1, thyroid nodules are a very common condition, especially in middle-aged women.
2, thyroid nodules are divided into two categories, benign and malignant, benign nodules account for the vast majority, less than 1% of malignant nodules.
3, there are a variety of clinical thyroid diseases, such as thyroid degeneration, inflammation, autoimmune and neoplastic, etc. can be manifested as nodules. Li Jianhua, Department of General Surgery, First Affiliated Hospital of Zhengzhou University
4. Thyroid nodules can be solitary or multiple. Multiple nodules have a higher incidence than single nodules, but the incidence of thyroid cancer in single nodules is higher.

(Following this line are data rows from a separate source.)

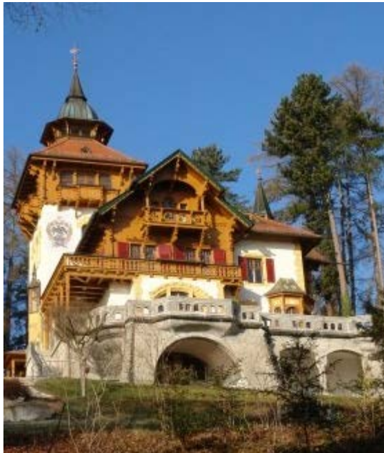
Villa Waldberta.

Considérant l'importance pour le gouvernement du Québec de développer des liens culturels durables avec la Bavière, le Conseil des arts et des lettres du Québec (CALQ) a conclu une entente de partenariat de deux ans avec l'organisme Kulturreferat München (Bavière) / Villa Waldberta pour réaliser un programme de résidences de création et de ressourcement en littérature entre le Québec et la Bavière.
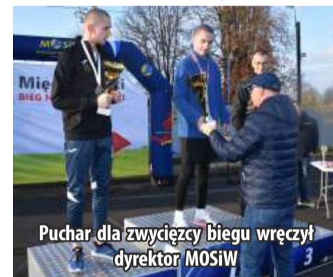
Puchar dla zwycięzcy biegu wręczył dyrektor MOSiW
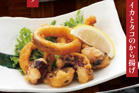
イカとタコのから揚げ
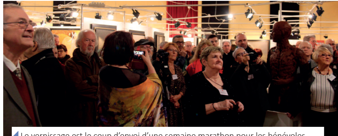
Le vernissage est le coup d'envoi d'une semaine marathon pour les bénévoles d'Art Passion Arnolprien. Des centaines de visiteurs ont une nouvelle fois franchi les portes du Colombier.
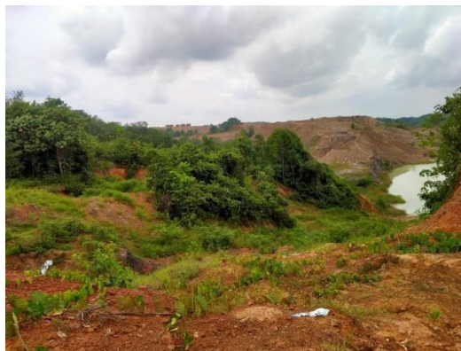
Gambar 4.2, Sumber: dari data primer, (2022)

Berdasarkan tiga unsur di atas, bahwa implementasi yang dijalankan PT. BAS tidak ada yang memenuhi ketiga unsur tersebut. Pertama, program reklamasi yang tidak dijalankan, kedua kelompok masyarakat yang dirugikan karena lahan perkebunan menjadi rusak akibat pertambangan batubara, dan ketiga tidak adanya tanggung jawab dari PT. BAS atau pihak pengawas yakni pemerintah daerah Kabupaten Hulu Sungai Selatan.
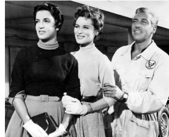
1955 LE CERCLE INFERNAL (The Racers) d'Henry Hathaway avec Katy Jurado, Bella Darvi
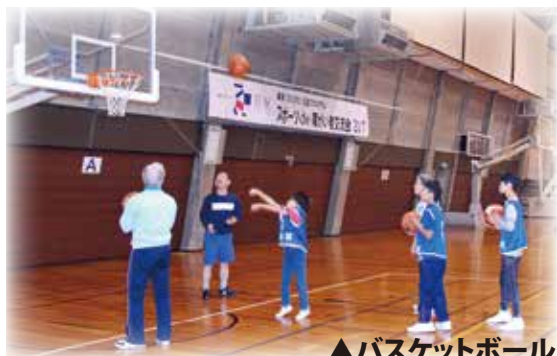
▲バスケットボール
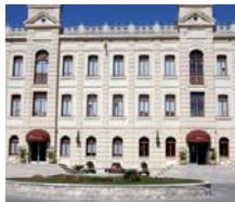
Peñañiel (Valladolid) HOTEL RIBERA DEL DUERO ***

"ESCAPADA GASTRONÓMICA-CULTURAL" PRECIOS PAX/PAQUETE ✓ INCLUYE 2 NOCHES EN AD: ● 2 noches de domingo a viernes. ● Desayuno buffet. (ocasionalmente podrá servirse en mesa). ● Dulces y cava de bienvenida. ● 1 Cena típica castellana con degustación de cochinillo o cordero asado (según dispo.) y vinos de la zona. ● Visita al Centro de Interpretación del Parque Natural de las Hoces del Río Duratón y visita al Museo de los Fueros de Sepúlveda (Lunes cerrado).
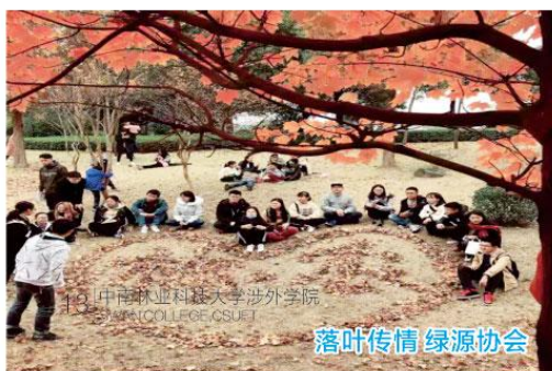
落叶传情 绿源协会
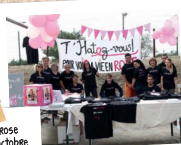
Stand de l'association T'Hâtez-vous!
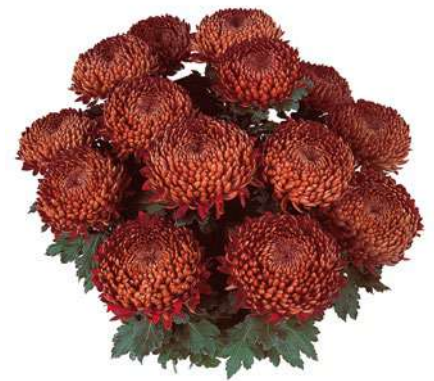
23059 | Tourbilion R 10 £:+++ L ☼
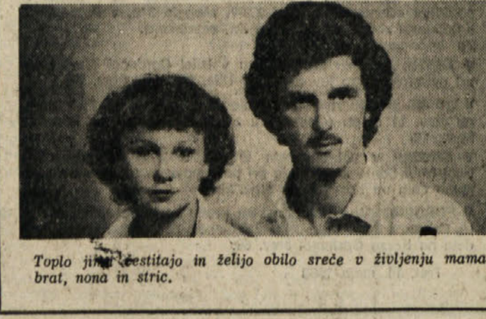
Toplo jim čestitajo in želijo obilo sreče v žiteljenju mama, brat, noma in stric.
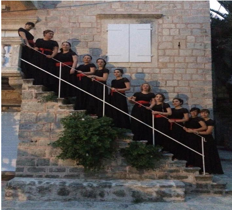
Slika 17. Klapa Garofuli

nastupale na brojnim festivalima i kulturnim događajima diljem Hrvatske i u inozemstvu. Povodom 20. obljetnice svog djelovanja, u kolovozu 2010. godine, Garofulice svojim sumještanima poklanjaju samostalni koncert na kojem kao njihov gosti nastupa klapa „Intrade“. 2015. godine za proslavu 25. rođendana opet održavaju koncert na kojem im je gost bio Krunoslav Kićo Slabinac. Također, već tradicionalno, u kolovozu svake godine klapa „Garofuli“ održava manji intimni koncert na Trgu sv. Ivana u Starom selu.
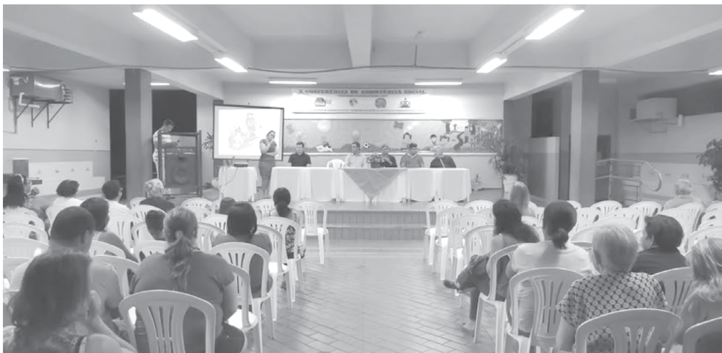
Presidente do CMAS destacou a evolução da assistência social na última década

→ ASSESSORIA DE IMPRENSA Prefeitura de Valentim Gentil
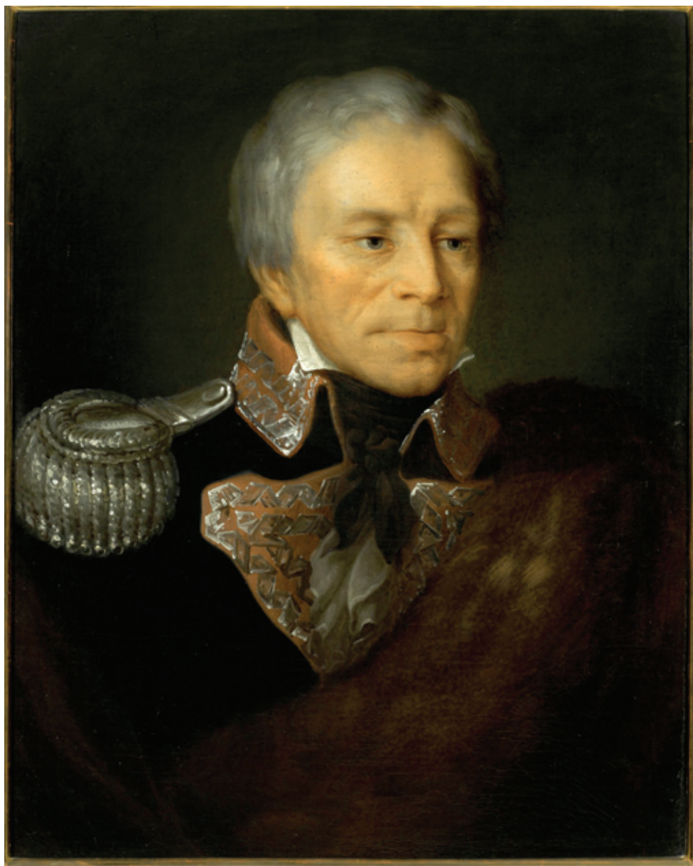
il. 2. Portret gen. Stanisława Mokronowskiego, olej na płótnie, ok. 1820 r. (zbiory Muzeum Pałacu Króla Jana III w Wilanowie, Wil. 1408)
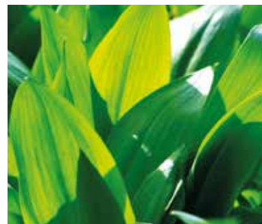
(Text und Fotos: ur-Redaktion)
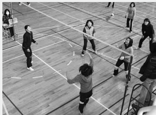
インディアカを楽しむ若妻会員のみなさん
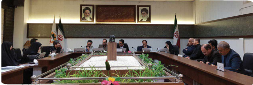
کمیسیون فرهنگی اجتماعی با حضور اعضا و میهمانان
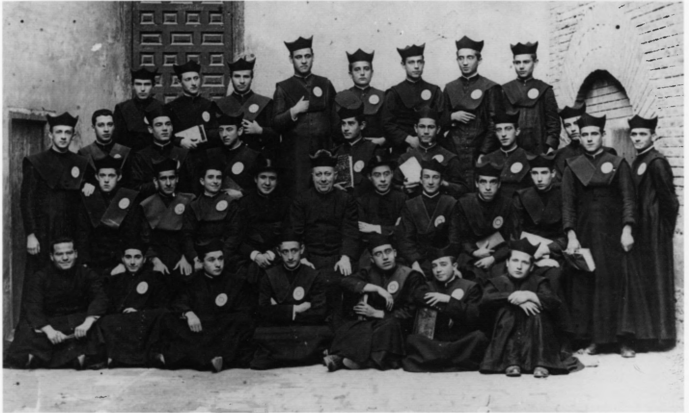
Saint Josemaría in Zaragoza during his Seminary years, 1922

Similarly, work continued for the preparation of new volumes of the collection of complete works, as well as the work for the third initiative undertaken by the Institute: a collection of monographs.
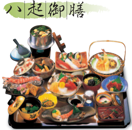
16-31 八起御膳 (松) 本体価格 4,000円 (消費税別)

通常価格 6,000円を 特別価格 5,000円 (通常より1,000円お得) 消費税込
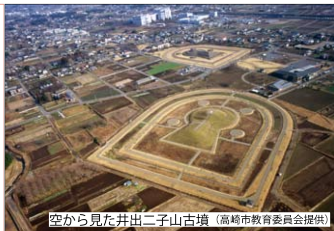
空から見た井出二子山古墳

「甲を着た古墳人」が持っていた衝角付胄は、高崎市にある墳丘長 108 m の前方後円墳、井出二子山古墳から発見された胄と同じ形をしています。頬当や鍔が小札をつなぎ合わせて作られていることも同じです。「甲を着た古墳人」も前方後円墳やそれに準じる有力古墳を造るような階層の人だったのかもしれませんが。
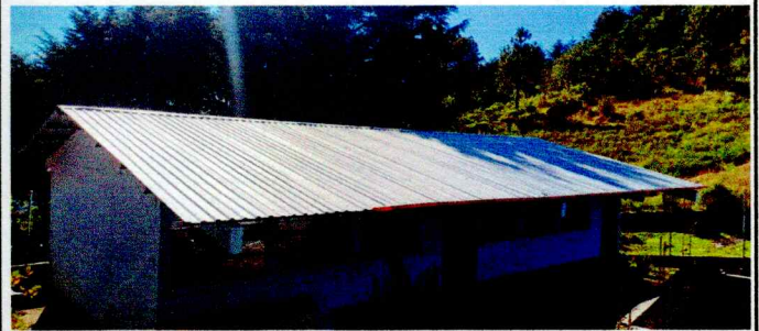
Foto 4: Es necesario colocar canales reforzados para la captación y aprovechamiento de agua en cisterna y depósito existentes.
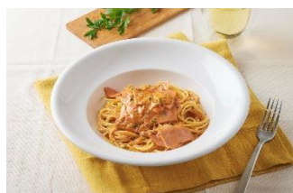
スパゲッティ ロースハムの トマトクリームソース
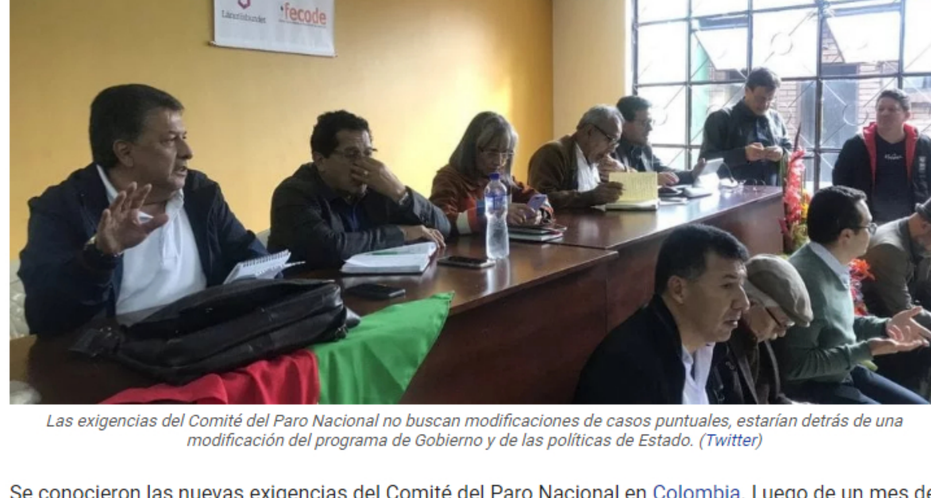
Las exigencias del Comité del Paro Nacional no buscan modificaciones de casos puntuales, estarían detrás de una modificación del programa de Gobierno y de las políticas de Estado.

Se conocieron las nuevas exigencias del Comité del Paro Nacional en Colombia. Luego de un mes de movilizaciones en las calles, de manera sorpresiva pasaron de un pliego de 13 puntos a uno de 104.
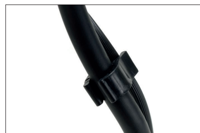
Eine verschiebbare, gesteckte Kabelklemme sorgt für Ordnung
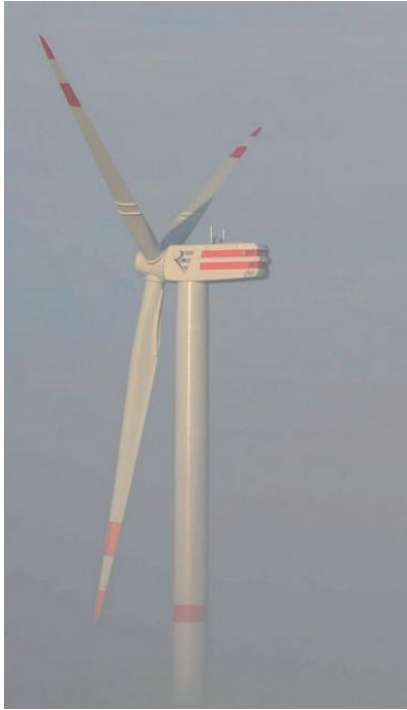
圖 2 Senvion 風力機(型號 6.2M-126)
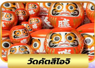
วัดคัตสึโงจิ
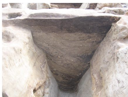
戦国時代（16 世紀代）の堀断面 （605SD:2006 年度調査）

今回は、名古屋城三の丸遺跡の古代、那古野城期の中世・戦国時代、名古屋城三之丸期の江戸時代の 3 つの時代の発掘調査の成果を中心に展示を行います。
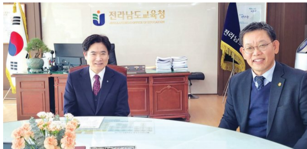
광주전남지방병무청(청장 김용우)은 2일 전라남도교육청을 방문해 김대중 교육감과 병무행정 현안을 공유하는 자리를 가졌다.
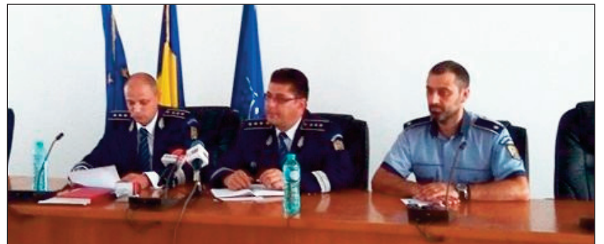
Conducerea poliției a prezentat bilanțul instituției pe primele șase luni ale lui 2017

Pe linia traficului rutier, în conformitate cu Programul Local „ALEGE
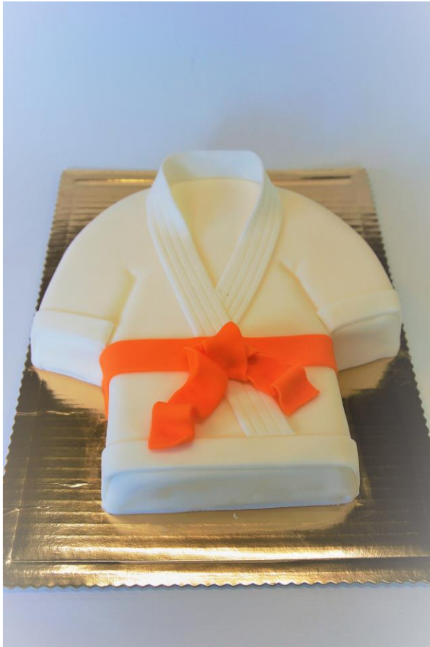
OK37 Tort kimono, dekoracja w masie cukrowej, smak dowolny
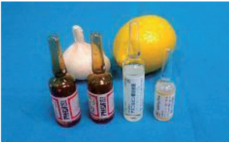
コロナ予防のおすすめは[ビタミンC]を多く含むビタミン注射です
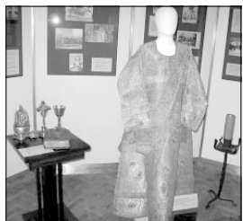
Изложба с църковни одежди на Епархиалния и Националния църковно-ортодоксалски музей в София. Изложбата „Дяконът“ е открита на 21 май и продължи до 18 юни. Тя е посветена на 135-годишнината от обещаване на Васил Левски

Преди обиколка на Венедикт (19 април 1864 г.) Дякон гостувал заедно с приятеля си Христо Пулчиев на отгованото първо на провинция певец от храма „Св. Богородица“ хаджи Георги Ноа Василев. След това тримата отишли на гости на
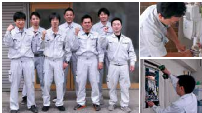
同社を支える多能工スタッフのみなさん

実績を誇る。住まいのどんな小さなお悩みでも同社に相談してみたいかができるのか。気さくな社長をはじめ熟練スタッフの面々が、間違いのないリフォームへ導いてくれることだろう。
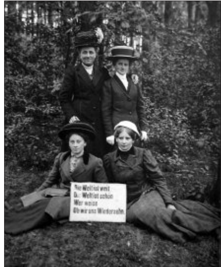
Auch diese Damen waren damals zu Gast in der Pension Witte, Jordanstraße 6. Die Aufnahme ist vermutlich vor dem Ersten Weltkrieg entstanden und zeigt die typische Mode jener Zeit.
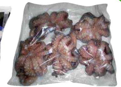
POLPI PERGAMAR KG. 3 10,50

Clinical manifestations of thyroid nodules
1.Nodular goiter
It is more common in middle-aged women. There may be bleeding, cystic changes and calcification in the nodules. The size of the nodule can range from a few millimeters to several centimeters. The main clinical manifestation is enlargement of the thyroid gland and multiple nodules of different sizes can be found on palpation, the texture of the nodules is mostly moderately hard.
2. Nodular toxic goiter
The disease starts slowly and often occurs in patients who have had nodular goiter for many years, mostly at the age of 40 to 50 years or older, and is more common in women. When the thyroid gland is palpated, a smooth round or oval nodule with clear borders and a hard texture can be found, which moves up and down with swallowing. Thyroid function tests may show elevated thyroid hormones in the blood, and if the nodule is functionally autonomous, a nuclear scan may show a “hot nodule”.
3. Inflammatory nodules
Infectious and non-infectious nodules are two types of nodules, the former is mainly subacute thyroiditis caused by viral infection, other infections are rare. The latter is mainly caused by autoimmune thyroiditis, mostly seen in middle-aged and young women, the patient’s conscious symptoms are less, the examination can find multiple or single nodules, hard and tough texture, less pressure pain, thyroid function tests show thyroglobulin antibodies and Thyroid function tests often show strong positivity for thyroglobulin and thyroid microsomal antibodies.
4. Thyroid cysts
Most of them are formed by degenerative changes of goiter nodules or adenomas, containing blood or slightly mixed liquid, with clear borders and hard texture. In a small number of patients, the cyst is caused by a congenital thyroglossal cyst or a remnant of the fourth gill slit.
Disease characteristics and clinical manifestations of hyperthyroidism
I. Disease characteristics
Hyperthyroidism, referred to as hyperthyroidism, is an endocrine disease characterized by systemic hypermetabolism due to excessive secretion of thyroxine for various reasons, with a male to female incidence ratio of about 1:4.
Clinical manifestations
1. Enlarged thyroid gland
Mostly no local pressure symptoms. Due to the dilated blood vessels and accelerated blood flow in the gland, there is tremor on palpation and murmurs on auscultation, especially at the upper pole of the superior thyroid artery.
2. Sympathetic hyperfunction
The patient is often talkative, impatient, easily agitated, insomniac, with fine and rapid trembling of the hands, fear of heat, sweating, and warm skin.
3.Protruding eyes sign
In typical cases, the eyeballs protrude bilaterally and the eye fissures widen; in some severe proptosis, the upper and lower eyelids are difficult to close and cannot even cover the cornea; the transient gaze decreases when gazing, the upper eyelids cannot close with the eyeballs when looking down, and both eyes have poor cohesive ability.
4. Changes in cardiovascular function
Most complaints of palpitations, chest tightness and discomfort; fast and strong pulse, pulse rate is often above 100 times/minute, still fast at rest and during sleep, systolic blood pressure is elevated, diastolic blood pressure is reduced, and thus pulse pressure is increased. Increased pulse rate and increased pulse pressure is often used as an important sign to determine the extent of the disease and the effectiveness of treatment, if the left heart gradually dilated, hypertrophy can have a systolic murmur, serious cases of arrhythmia, heart failure.
5. Increased basal metabolic rate
The degree of the increase is parallel to the clinical symptoms, with hyperphagia but emaciation, weight loss, easy fatigue and reduced work efficiency.
Some patients may experience endocrine dysfunction such as menopause, impotence or hyperactive bowel movement, diarrhea, etc. Very few patients have limited anterior tibial mucinous edema, which often occurs simultaneously or sequentially with severe proptosis.